[AIM OF THE EXERCISE]: Every line below from the one with "with Pillow Cover" through the one with "ARMYに感謝したい、そして" is to be repeated exactly, with no picture among them.

[TASK DATA]:
────────

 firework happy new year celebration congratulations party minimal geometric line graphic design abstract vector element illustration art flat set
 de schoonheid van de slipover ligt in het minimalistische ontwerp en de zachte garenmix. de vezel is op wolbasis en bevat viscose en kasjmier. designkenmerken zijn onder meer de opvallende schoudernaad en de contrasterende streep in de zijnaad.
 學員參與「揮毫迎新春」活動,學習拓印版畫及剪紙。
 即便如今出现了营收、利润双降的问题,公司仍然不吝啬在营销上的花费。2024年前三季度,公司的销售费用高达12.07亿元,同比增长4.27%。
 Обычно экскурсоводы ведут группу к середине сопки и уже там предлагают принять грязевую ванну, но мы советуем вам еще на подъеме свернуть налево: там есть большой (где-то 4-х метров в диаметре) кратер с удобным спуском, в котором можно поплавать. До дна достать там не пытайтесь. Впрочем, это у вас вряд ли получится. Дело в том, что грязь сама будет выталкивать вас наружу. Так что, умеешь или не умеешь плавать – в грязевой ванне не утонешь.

────────

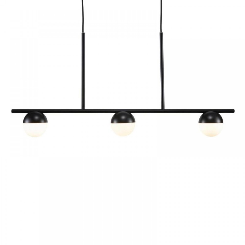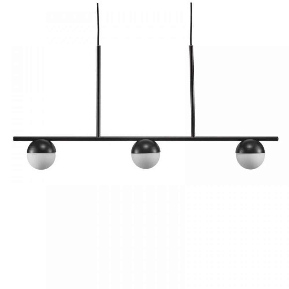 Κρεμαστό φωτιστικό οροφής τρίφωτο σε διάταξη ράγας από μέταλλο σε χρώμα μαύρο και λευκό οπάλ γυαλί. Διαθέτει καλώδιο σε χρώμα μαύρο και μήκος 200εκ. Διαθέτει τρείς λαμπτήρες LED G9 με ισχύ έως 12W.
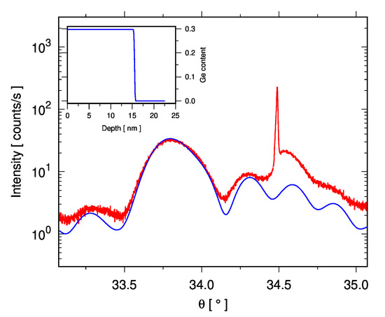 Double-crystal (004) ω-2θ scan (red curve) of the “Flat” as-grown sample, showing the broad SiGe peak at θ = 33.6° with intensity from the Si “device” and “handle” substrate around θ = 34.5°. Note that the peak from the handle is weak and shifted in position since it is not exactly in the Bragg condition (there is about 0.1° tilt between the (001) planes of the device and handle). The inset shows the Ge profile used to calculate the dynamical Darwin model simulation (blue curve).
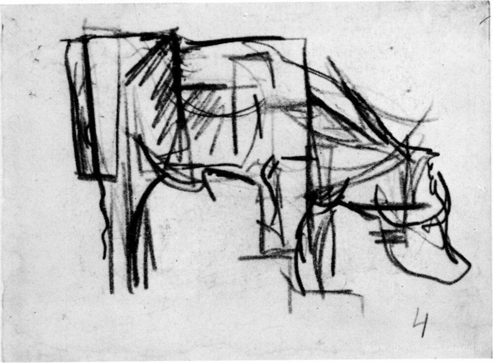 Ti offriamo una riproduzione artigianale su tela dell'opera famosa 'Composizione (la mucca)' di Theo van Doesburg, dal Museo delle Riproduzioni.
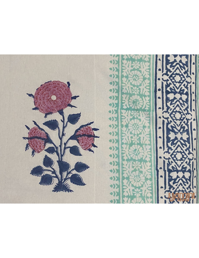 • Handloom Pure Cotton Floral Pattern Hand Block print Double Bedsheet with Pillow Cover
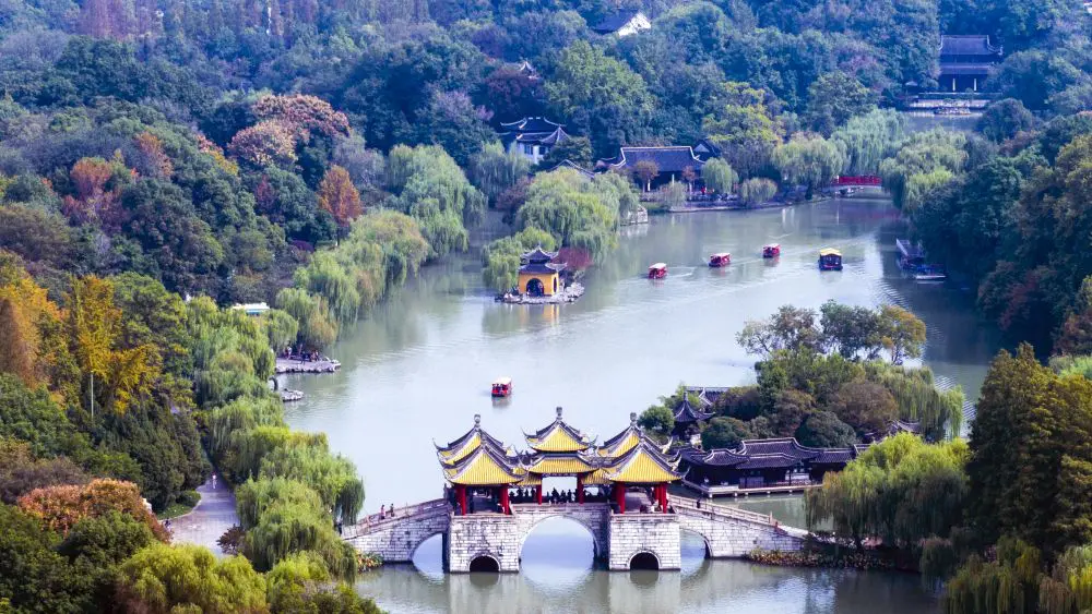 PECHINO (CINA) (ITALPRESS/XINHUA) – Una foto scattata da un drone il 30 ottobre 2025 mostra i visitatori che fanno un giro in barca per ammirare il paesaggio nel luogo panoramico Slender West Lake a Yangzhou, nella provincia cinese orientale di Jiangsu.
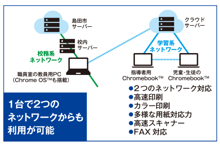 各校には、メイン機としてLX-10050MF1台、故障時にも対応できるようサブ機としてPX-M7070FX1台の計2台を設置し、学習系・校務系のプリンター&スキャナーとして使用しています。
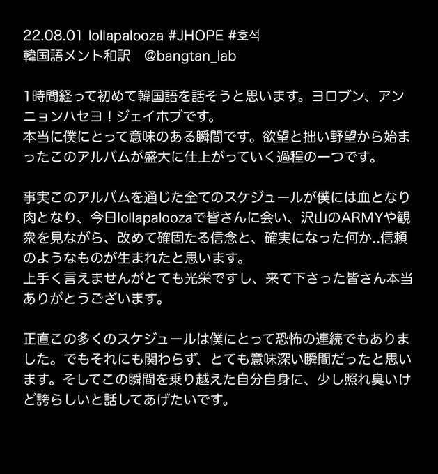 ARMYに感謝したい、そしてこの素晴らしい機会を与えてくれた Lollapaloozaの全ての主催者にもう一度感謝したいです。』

────────

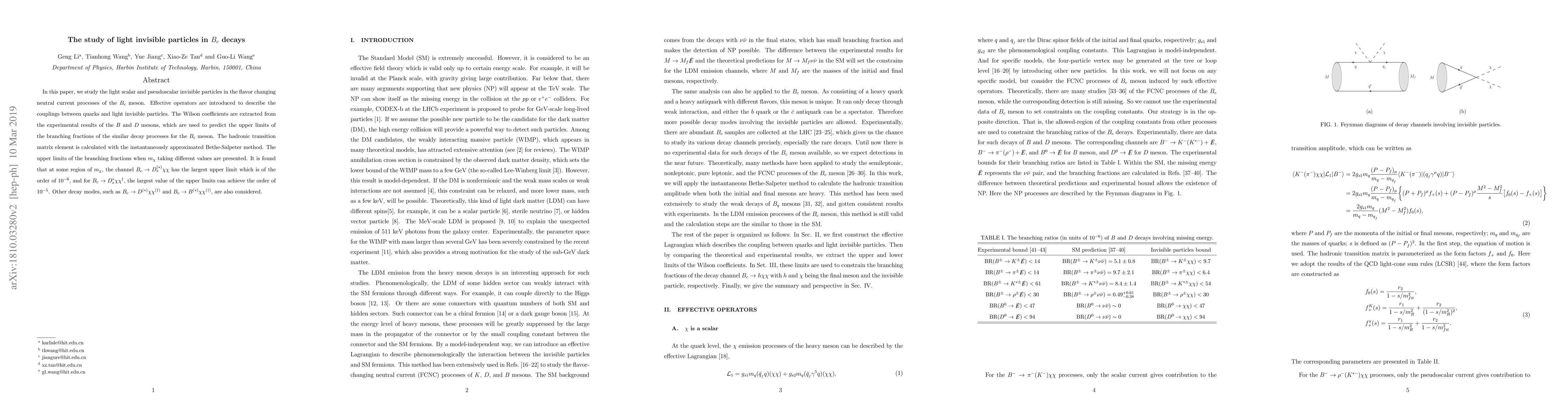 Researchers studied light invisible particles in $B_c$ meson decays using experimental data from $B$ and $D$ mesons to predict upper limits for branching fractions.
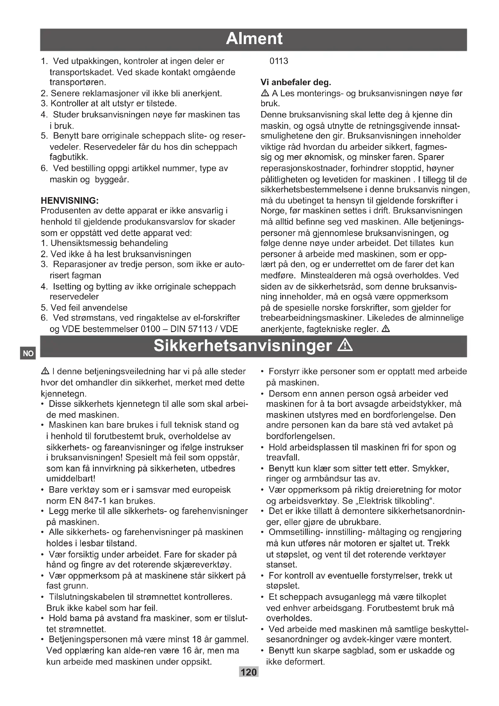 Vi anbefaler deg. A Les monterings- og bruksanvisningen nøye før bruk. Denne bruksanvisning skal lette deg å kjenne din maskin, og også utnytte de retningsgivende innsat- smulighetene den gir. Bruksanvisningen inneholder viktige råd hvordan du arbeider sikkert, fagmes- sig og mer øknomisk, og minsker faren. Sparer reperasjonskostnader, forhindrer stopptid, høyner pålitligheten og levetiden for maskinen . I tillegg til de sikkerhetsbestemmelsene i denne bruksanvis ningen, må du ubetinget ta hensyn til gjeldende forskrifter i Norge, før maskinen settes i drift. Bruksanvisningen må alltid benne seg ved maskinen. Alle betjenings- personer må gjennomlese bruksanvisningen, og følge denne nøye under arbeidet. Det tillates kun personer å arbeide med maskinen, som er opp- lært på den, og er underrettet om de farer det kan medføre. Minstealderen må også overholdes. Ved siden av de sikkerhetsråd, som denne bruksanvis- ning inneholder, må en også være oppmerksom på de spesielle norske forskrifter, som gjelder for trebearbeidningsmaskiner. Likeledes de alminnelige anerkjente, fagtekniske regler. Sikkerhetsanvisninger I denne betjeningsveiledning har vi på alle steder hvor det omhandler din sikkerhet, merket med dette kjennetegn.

────────

[RESULT]:
 • Handloom Pure Cotton Floral Pattern Hand Block print Double Bedsheet with Pillow Cover
 PECHINO (CINA) (ITALPRESS/XINHUA) – Una foto scattata da un drone il 30 ottobre 2025 mostra i visitatori che fanno un giro in barca per ammirare il paesaggio nel luogo panoramico Slender West Lake a Yangzhou, nella provincia cinese orientale di Jiangsu.
 各校には、メイン機としてLX-10050MF1台、故障時にも対応できるようサブ機としてPX-M7070FX1台の計2台を設置し、学習系・校務系のプリンター&スキャナーとして使用しています。
 ARMYに感謝したい、そしてこの素晴らしい機会を与えてくれた Lollapaloozaの全ての主催者にもう一度感謝したいです。』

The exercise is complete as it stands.